Collagen Contraction Assay with Rat Tail Collagen
ACOX3 Dysfunction as a Potential Cause of Recurrent Spontaneous Vasospasm of Internal Carotid Artery
Advanced BioMatrix Products Used:
RatCol® type I rat tail collagen (4 mg/ml) and the neutralization solution (included with the rat tail collagen kit)
How the products were used:
Our collagen was used to form 3D hydrogels that were seeded/embedded with HASMC's. The collagen hydrogels were measured every 24 hours as part of a collagen contraction assay.
Recurrent spontaneous vasospasm of the extracranial internal carotid artery (RSV-eICA) is a rarely recognized cause of ischemic stroke in young adults. However, its pathophysiology remains largely unknown. Through whole-exome sequencing of the ACOX3 gene of two dizygotic Korean twin brothers affected by RSV-eICA, we identified two compound heterozygous missense variants c.235 T >G (p.F79 V) and c.665G>A (p.G222E). In silico analysis indicated that both variants were classified as pathogenic. In vitro ACOX3 enzyme assay indicated practically no enzyme activity in both F79 Vand G222E mutants. To determine the effect of the mutants on vasospasm, we used a collagen contraction assay on human aortic smooth muscle cells (HASMC).

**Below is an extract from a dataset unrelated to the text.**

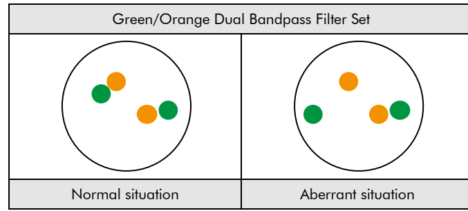
Fig. 2: Expected results in normal and aberrant nuclei

Overlapping signals may appear as yellow signals.

Carbachol, a cholinergic agonist, induces contraction of HASMC. Knockdown of ACOX3 in HASMC, using siRNA, significantly repressed HASMC contraction triggered by carbachol. The carbachol-induced HASMC contraction was restored by transfection with plasmids encoding siRNAresistant wild-type ACOX3, but not by transfection with ACOX3 G222E or by co-transfection with ACOX3 F79Vand ACOX3 G222E, indicating that the two ACOX3 mutants suppress carbachol-induced HASMC contraction. We propose that an ACOX3 dysfunction elicits a prolonged loss of the basal aortic myogenic tone. As a result, smooth muscles of the ICA’s intermediate segment, in which the sympathetic innervation is especially rich, becomes hypersensitive to sympathomimetic stimuli (e.g., heavy exercise) leading to a recurrent vasospasm. Therefore, ACOX3 dysfunction would be a causal mechanism of RSV-eICA. For the first time, we report the possible involvement of ACOX3 in maintaining the basal myogenic tone of human arterial smooth muscle.